I also saw spikes in gossip attestation times (up to 10s)

The numbers dropped to the 20ms range as soon as I switched to scoped rayon pool usage (at the 6:00-ish mark in the screenshot above). I also saw no sync issues or WARN log messages. This is also when column reconstruction is set to zero delay (i.e. reconstructing as soon as we get half the columns)

With scoped rayon pool usage reconstruction during backfill slows down a bit (as expected)

eserilev · 2025-09-01T02:06:15Z

I've done a bunch of testing on backfill with the global rayon pool vs scoped rayon pool usage. The biggest difference is that KZG verification takes more than double the time with a scoped rayon pool (using a max of~25% of cpu threads) vs the global rayon pool. Additionally I did see lower cpu usage on average in the scoped pool case. My node did not have any issues following the chain in either case during backfill. So I can't argue that this change is absolutely necessary. But it is a safe and relatively simple optimization to make. It can potentially help protect nodes from having issues during backfill sync, so maybe thats a good enough reason to include this in our 8.0.0 release candidate

I haven't see any evidence that something like #7789 is required. It seems like the OS scheduler is good enough at figuring things out with the current scoped rayon pool usage. If we were to expand our scoped rayon pool usage to other work events, #7789 could potentially become more relevant.

In a future iteration (or in this PR) we could make the low priority rayon pool configurable via cli flag to give users additional control over the speed of backfill. This is probably unnecessarily at the moment, but could potentially become useful if we expand scoped rayon thread pool usage.

Another TODO could be to introduce a high priority rayon pool and always avoid scheduling rayon tasks on the global thread pool. It remains to be seen if that would be useful considering our current rayon usage.

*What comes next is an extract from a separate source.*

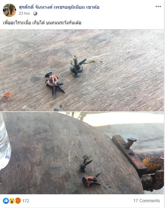 โดยทางผู้ใช้เฟซบุ๊ค สุรศักดิ์ จันทวงศ์ เพชรอลูมิเนียม เขาค้อ ได้โพสต์ภาพตะปูเรือใบที่เจอบนถนน พร้อมข้อความเพื่ออะไรวะเนี้ย เก็บได้ บนถนนระวังกันเด้อ

mergify · 2025-09-01T02:57:36Z

Some required checks have failed. Could you please take a look @jimmygchen? 🙏

…is disabled

eserilev · 2025-09-02T00:31:20Z

I've added a high priority rayon pool thats used during backfill when the flag --disable-backfill-rate-limiting is used. This effectively speeds up kzg verification 2x vs using the low priority queue. The flag itself already warns that the node may have degraded attestation performance, so I dont think we need to warn users more than we already are.

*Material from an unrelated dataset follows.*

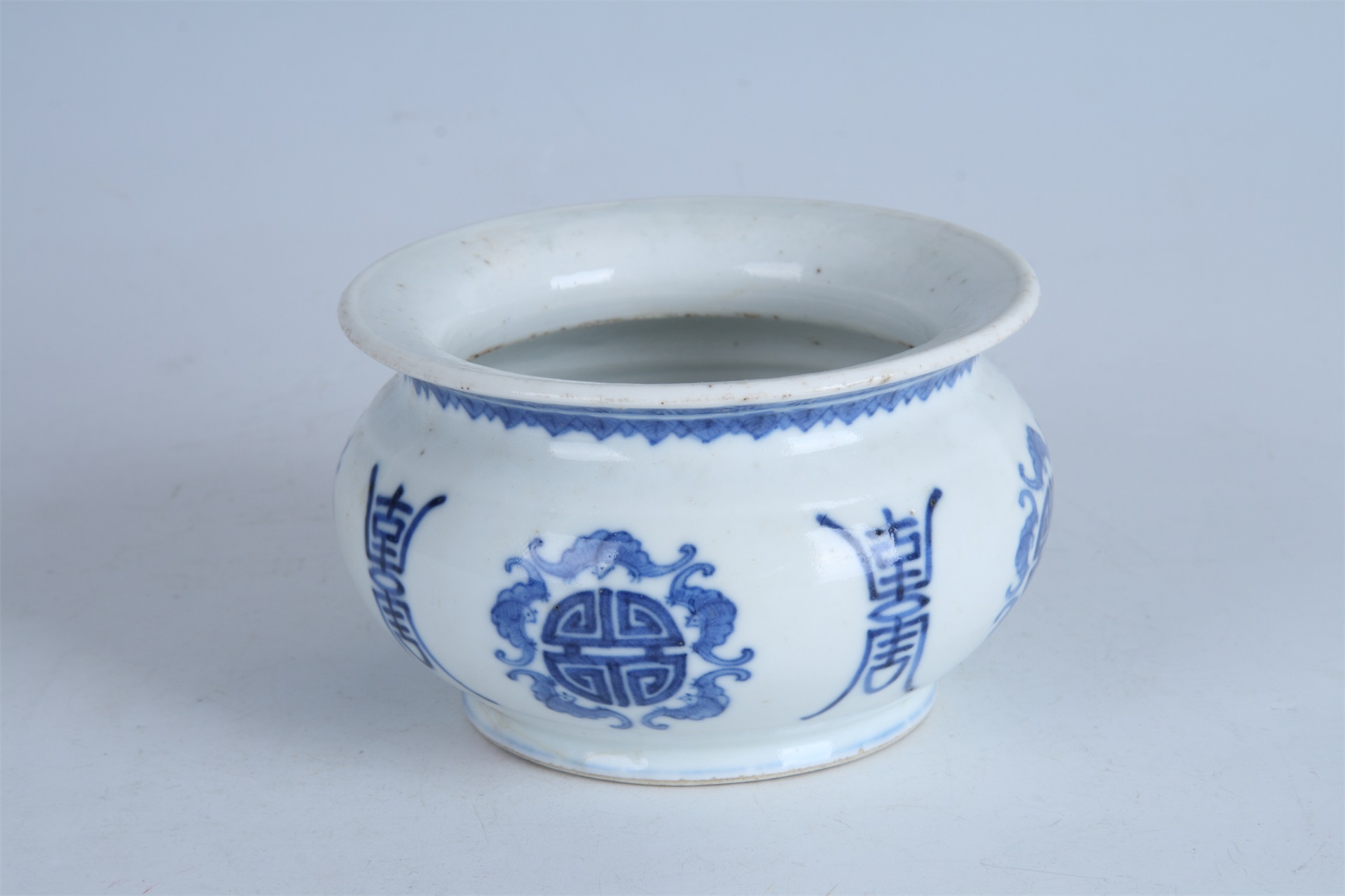 | 1049 | 清五福捧寿青花瓷炉 | 清 | 通高7.4口径11底径8厘米 | 查看 |

…ckfill-verify-kzg-use-scoped-rayon

eserilev · 2025-09-02T04:12:08Z

Something about the changes to the backfill work event are causing a test to fail in a non-deterministic manner. I'm wondering if its because the backfill task is now blocking instead of async?

…ckfill-verify-kzg-use-scoped-rayon

eserilev · 2025-09-02T20:15:16Z

I made a small tweak to assert_event_journal_with_timeout to ignore WORKER_FREED and NOTHING_TO_DO events for the test case that was failing non-deterministically.

mergify · 2025-09-02T20:56:45Z

Some required checks have failed. Could you please take a look @jimmygchen? 🙏

jimmygchen · 2025-09-09T08:08:27Z

Hi @ethDreamer would you mind reviewing this please 🙏

jimmygchen

@eserilev looks great, I've added some comments. Let me know what you think!

jimmygchen · 2025-09-11T05:34:50Z

beacon_node/beacon_processor/src/rayon_manager.rs

+    pub low_priority_threadpool: Arc<ThreadPool>,
+    /// Larger rayon thread pool for high-priority, compute-intensive tasks.
+    /// By default 100% of CPUs.
+    pub high_priority_threadpool: Arc<ThreadPool>,


If we're allocating work to this thread pool, we might need to be a bit careful with using the global thread pool, because now we can allocate work to:

global thread pool with num_cpus threads

high_priority_threadpool with num_cpus threads

low priority threadpool with 2 min threads

so we now let rayon use 2 * num_cpus + 2 threads, which may even cause more oversubscription.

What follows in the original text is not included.